Eines Tages würde er es mit der ganzen verkommenen Welt aufnehmen und ihr seinen Willen aufzwingen, komme, was da wolle, und dann würden die Leute erfahren, was es hieß, Lockhart Flawse zu verärgern. Doch zunächst mußte er nach Hause. Einen Moment lang spielte er mit dem Gedanken, den Bus zu nehmen, doch nach Sandicott Crescent waren es nur zehn Kilometer, und Lockhart war es gewohnt, in der grasbedeckten Hügellandschaft des Nordens fünfzig Kilometer am Tag zurückzulegen. Wütend auf jeden außer Jessica, seinen Großvater und Mr. Dodd, trabte Lockhart die Straße entlang.
     

Kapitel 5
     
    Im Flawseschen Herrenhaus teilte die ehemalige Mrs. Sandicott keine der Gefühle Lockharts.
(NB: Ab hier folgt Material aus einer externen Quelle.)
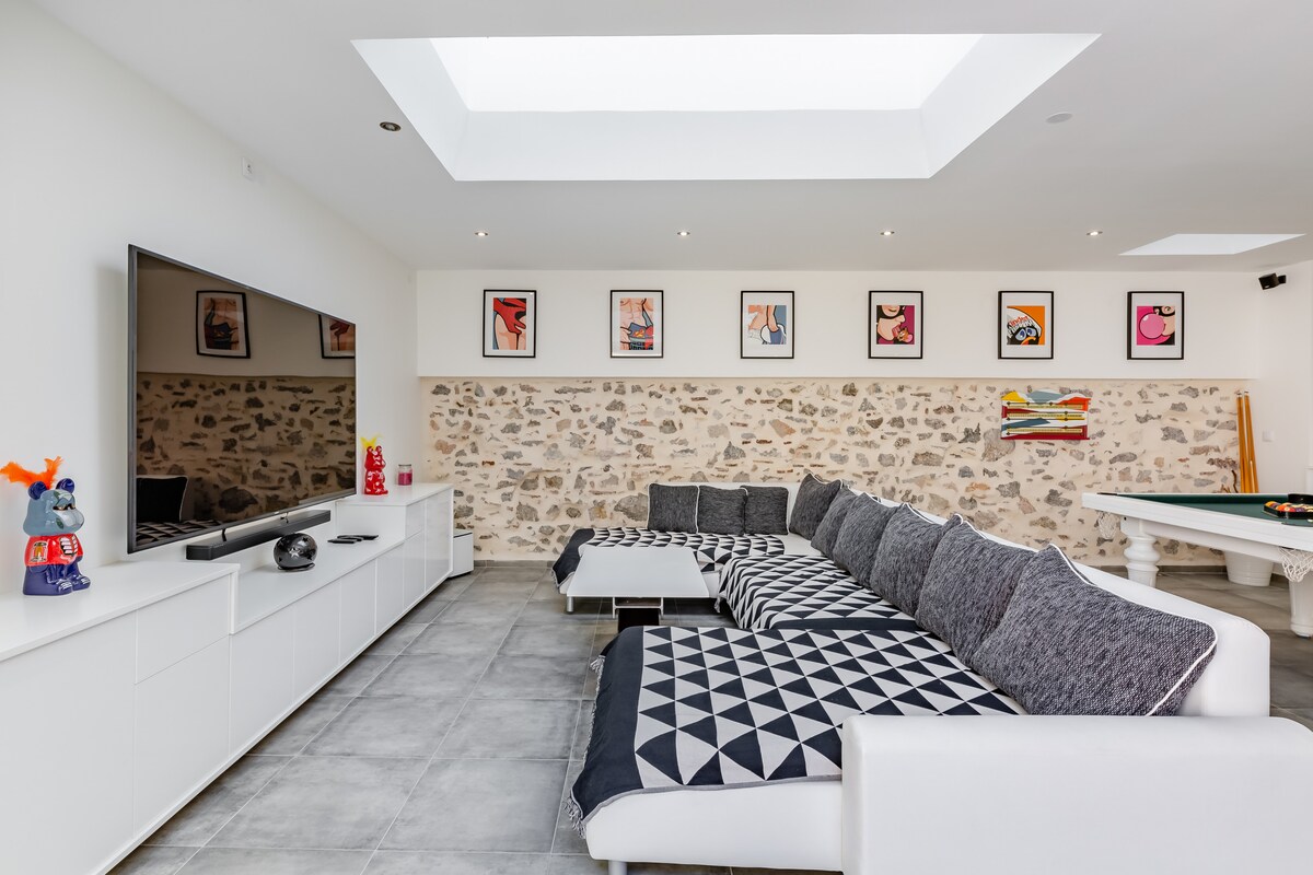 Superbe Loft Moderne 2 Chambres Découvrez ce loft contemporain de standing, rénové avec soin et offrant un style unique mêlant design moderne, pierre apparente et grands volumes baignés de lumière. Magnifique billard intégré à l’espace séjour, idéal pour des moments conviviaux. Salon confortable avec TV grand écran. Cuisine moderne entièrement équipée Accès direct à la terrasse grâce aux baies vitrées coulissantes. Deux chambres confortables

Sie hätte alles gegeben, alles, insbesondere dem alten Flawse Strychnin, um sich wieder in den gemütlichen Grenzen von Sandicott Crescent in der Gesellschaft ihrer Bekannten aufzuhalten. Statt dessen war sie in einem großen kalten Haus gefangen, das auf einer wüsten Einöde stand, wo der Schnee tief war und der Wind pausenlos heulte, mit einem ekelhaften alten Mann und Mr. Dodd, einer noch ekelhafteren Mischung aus Wildhüter und Faktotum. Die Ekelhaftigkeit ihres Gatten war fast sofort offenbar geworden, als sie in dem Zug aus Southampton Platz genommen hatten, und mit jedem Kilometer Richtung Norden deutlicher zu Tage getreten, während Mrs. Flawses Überzeugung, einen schrecklichen Fehler begangen zu haben, zur Gewißheit wurde.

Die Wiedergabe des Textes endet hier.